We were talking more in detail about what he does for a living and right now he's not really modeling or doing photography much. He does it occasionally. Right now he is focused on taking acting lessons because he feels like he will get his big break in acting soon. So technically he does not really have an income, but, lets face it, neither do I. I live off my student loans. I guess this is different than what anyone I know is doing but I am going to be supportive because he is supportive of my academic goals which a lot of people don't really support (I want to be a psychiatrist who works with susbtance abuse... for some reason this is frowned upon among everyone I know... "why can't you be a dermatologist or a plastic surgeon blah blah blah")

 

We are going to see twilight today :) (don't judge please)

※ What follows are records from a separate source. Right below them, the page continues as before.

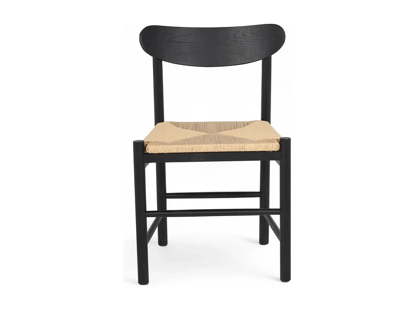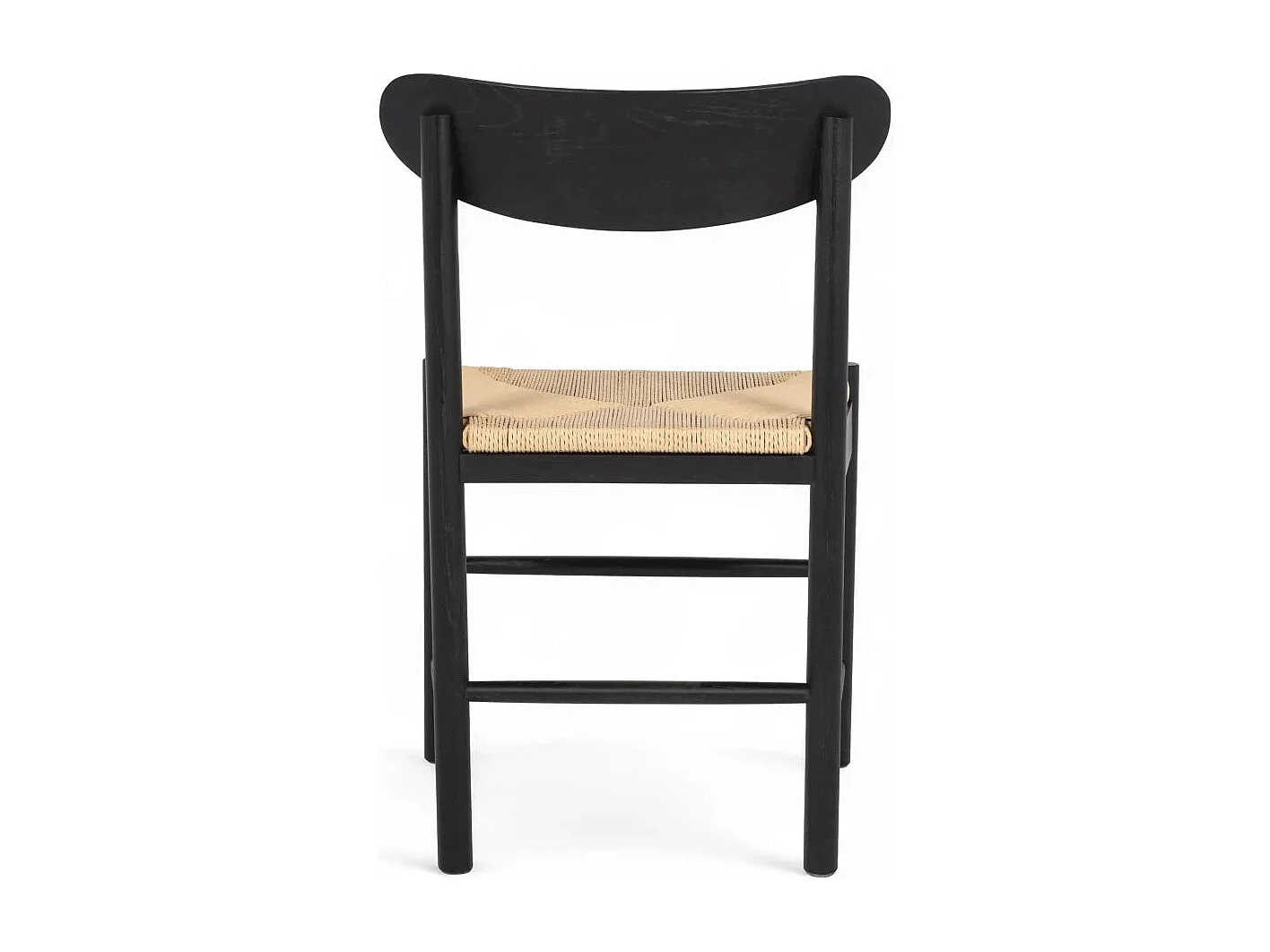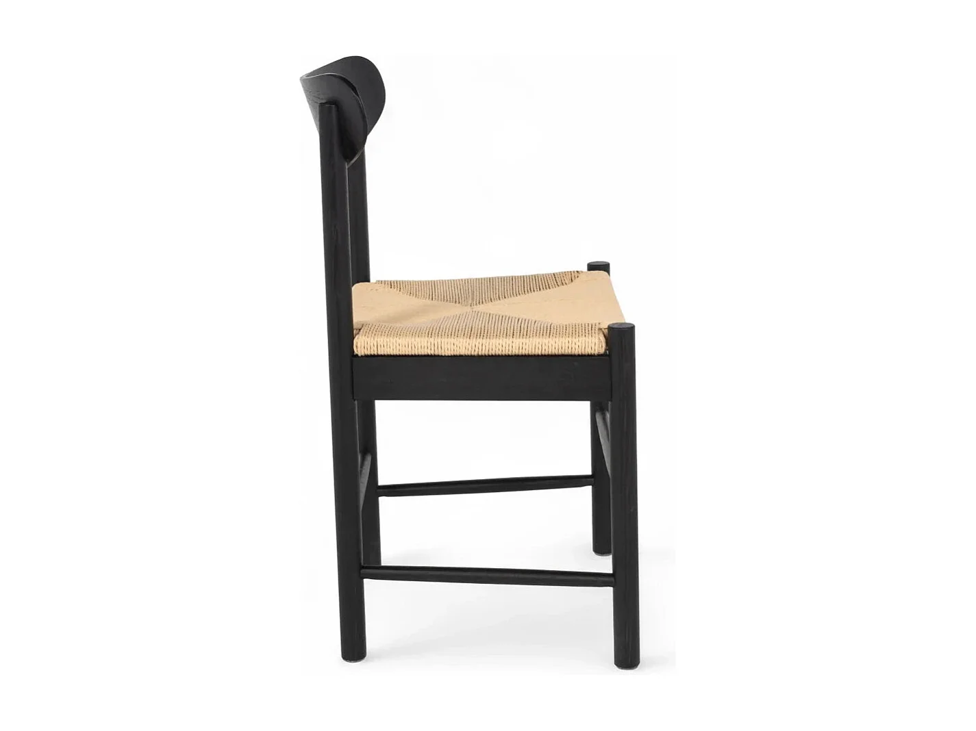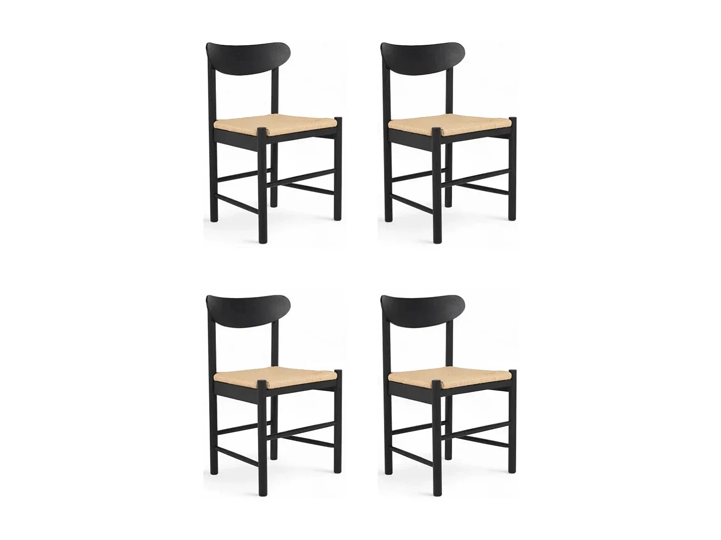 Esszimmerstühle 4er Set Malou - Papiergarn & Massives Eichenholz - Schwarz
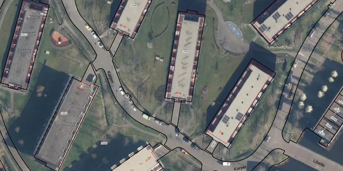 Het perceel waarop Karper 60 staat heeft een oppervlakte van 875 m². Dit is een groot perceel. De perceeloppervlakte wordt geregistreerd door het Kadaster. Gedetailleerde informatie over de maten van dit perceel kunt u vinden in het rapport Kadastrale kaart met maatvoering van Karper 60.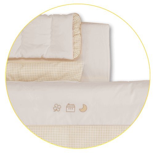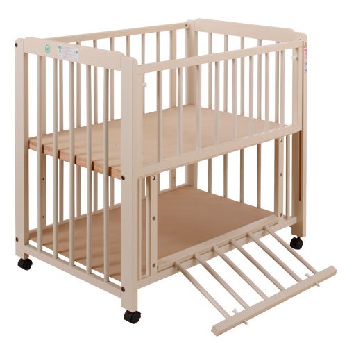 移動もラクラクのホワイトカラーのミニベッド! 収納棚がついているので育児用品などの収納に大変便利です。 かわいい茶と白のチェック柄のミニふとんがセットで付いています! ■ ミニふとんセット内容 ■ 生地:綿100%、中綿:ポリエステル100% ・掛けふとんカバーリング/83cm×108cm(日本製) ※掛けカバーは掛けふとんに掛けられた状態になります。 ・掛ふとんヌード/80cm×105cm(ウォシュロン)(日本製) ・肌ふとん/70cm×90cm(ウォシュロン)(日本製) ・枕/33cm×19cm(ウォシュロン)(日本製) ・敷フットシーツ/60cm×90cm(中国製) ・敷ふとん/60cm×90cm(固綿){※側生地(中国製)・中綿(日本製)}

I had a test the week it came out and he agreed to see it with me this week. I am grateful for this he really is a great guy I am glad I am giving him a chance despite the things I find off. I'll keep you posted.

Posted

 

An average man who worked with one of the main characters professed his love to her. She subsequently rejected him. When Caroline asks why, she says,

 

"Because he's nothing. Extremely handsome men make me feel sexy. Rich and famous men make me feel important. And bad boys make me feel exciting."

 

she's essentially admitting how much she dislikes herself; so much to the point that she needs another person to make her feel better about herself.

 

and essentially the type of girl i prefer not to date.

Posted

Culling out bad boys as dating options doesn't mean giving men you don't find attractive a chance, which IMO is always a bad idea. So the question you have to ask yourself is how attracted are you to this nice guy who is supplicating too much at this point? Hard for us to help you with that.